Choose BaseLang agent:

import gymnasium
from agents import BaseLangAgent
from civrealm.freeciv.utils.freeciv_logging import fc_logger


def main():
    env = gymnasium.make('civrealm/FreecivLLM-v0')
    agent = BaseLangAgent()

    observations, info = env.reset()

    done = False
    step = 0
    while not done:
        try:
            action = agent.act(observations, info)
            observations, reward, terminated, truncated, info = env.step(
                action)
            done = terminated or truncated

            step += 1
            print(
                f'Step: {step}, Turn: {info["turn"]}, Reward: {reward}, Terminated: {terminated}, '
                f'Truncated: {truncated}, action: {action}')
        except Exception as e:
            fc_logger.error(repr(e))
            raise e
    env.close()


if __name__ == '__main__':
    main()

Choose Mastaba agent:

import gymnasium
from agents import MastabaAgent
from civrealm.freeciv.utils.freeciv_logging import fc_logger


def main():
    env = gymnasium.make('civrealm/FreecivLLM-v0')
    agent = MastabaAgent(max_deconflict_depth=3)

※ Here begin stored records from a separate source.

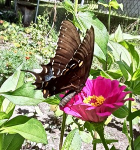 Here are some flowers with a bee and a couple of butterflies. There were at least half a dozen species on the zinnias while I watched. They’re so intent on nectar at this point, they just pose for me. I envy their ability to hang out socially as usual, oblivious to COVID.
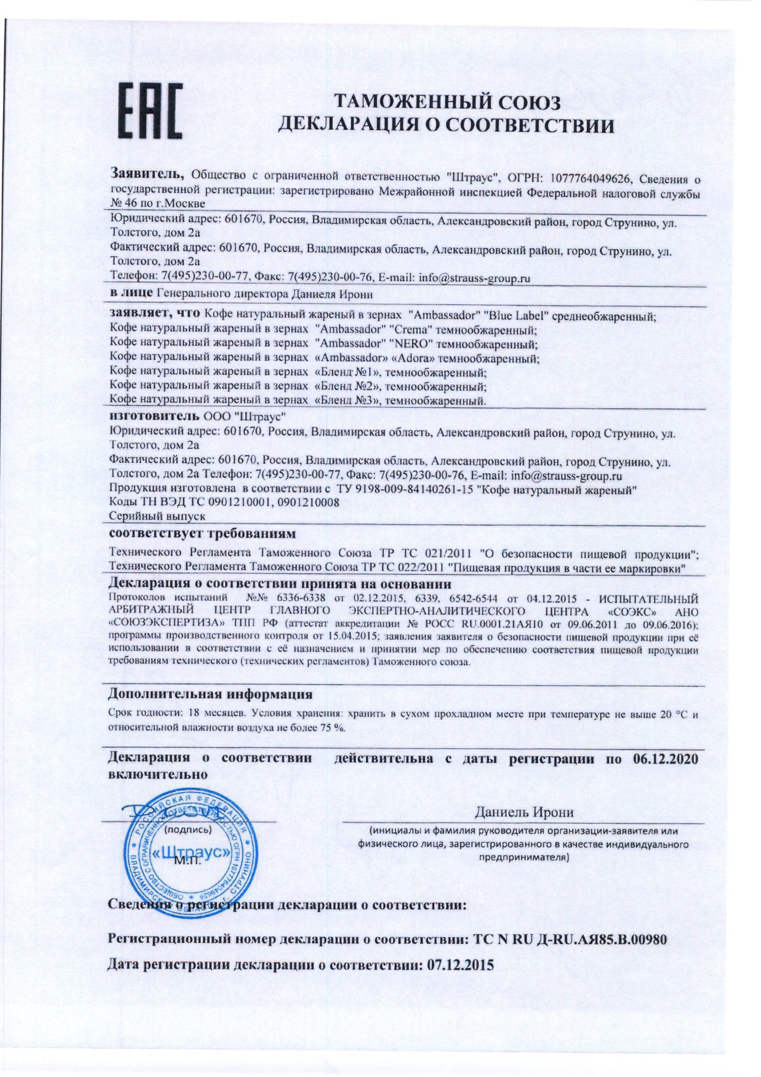 Кофе в зернах Ambassador Blue Label 100% арабика подарит вам возможность насладиться качественным эспрессо, американо. Он прекрасно сочетается с топпингами, молочными продуктами, ликером и карамелью. Станет надежным помощником активного образа жизни, нелегких рабочих будней с плотным графиком и важных встреч. Вакуумный пакет потрясающего синего цвета невозможно обойти вниманием, он украсит вашу кофейную полку и прекрасно сохранит все свойства каждого зернышка. Позвольте себе чашечку крепкого напитка, приготовленного профессиональным баристой или верной кофемашиной. Оба варианта будут достойного качества. Также вы можете сварить свои идеальный кофе в кофеварке или турке. Ambassador — кофе, о вкусе которого ходят легенды.
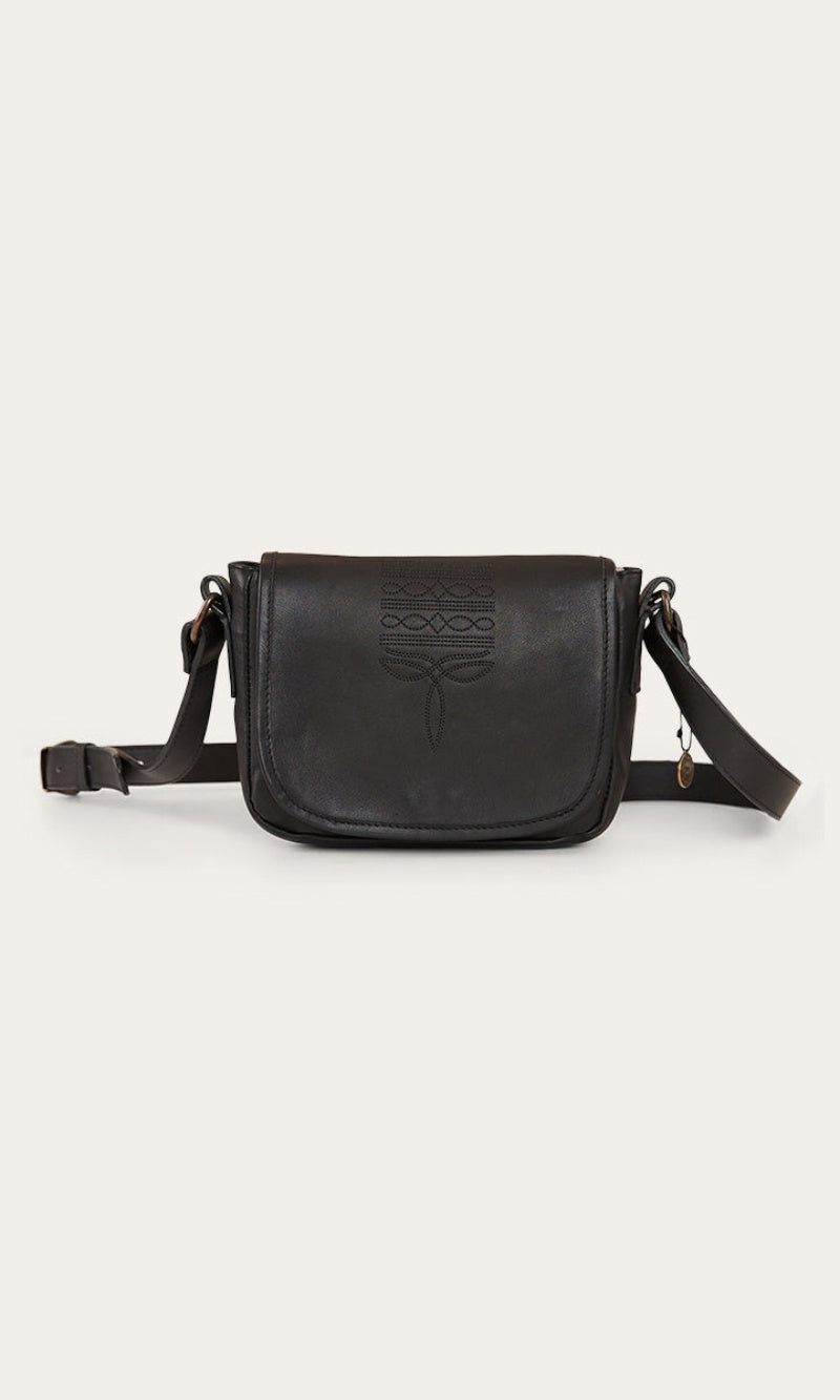 Crafted in Mexico from 100% genuine leather, this bag is a versatile leather accessory that exudes luxury and ensures durability. Inspired by traditional saddle bags, Callie features a top stitch design which adds a touch of artisanal detail. Its versatility shines through with an adjustable shoulder strap and ample organisation space for your belongings. Each bag is subtly branded with an embossed Ringers Western logo and branded hardware. Compact yet spacious, the Callie saddle bag is the perfect companion for any adventure, seamlessly blending style and functionality for the modern cowgirl.

    observations, info = env.reset()

    done = False
    step = 0
    while not done:
        try:
            action = agent.act(observations, info)
            observations, reward, terminated, truncated, info = env.step(
                action)
            done = terminated or truncated

            step += 1
            print(
                f'Step: {step}, Turn: {info["turn"]}, Reward: {reward}, Terminated: {terminated}, '
                f'Truncated: {truncated}, action: {action}')
        except Exception as e:
            fc_logger.error(repr(e))
            raise e
    env.close()


if __name__ == '__main__':
    main()

Customize Env by LLM Wrapper

You can also make a LLM Env by LLM Wrapper

env = gymnasium.make('civrealm/FreecivBase-v0')
env = LLMWrapper(env)
agent = BaseLang()

env = gymnasium.make('civrealm/FreecivBase-v0')
env = LLMWrapper(env)
agent = MastabaAgent(max_deconflict_depth=3)

Conclusion

In this guide, we introduced the CivRealm LLM Environment and explained how to use the civrealm-llm-baseline repository to build llm agents on this environment. We encourage you to experiment with different LLM frameworks to further enhance your agent's performance.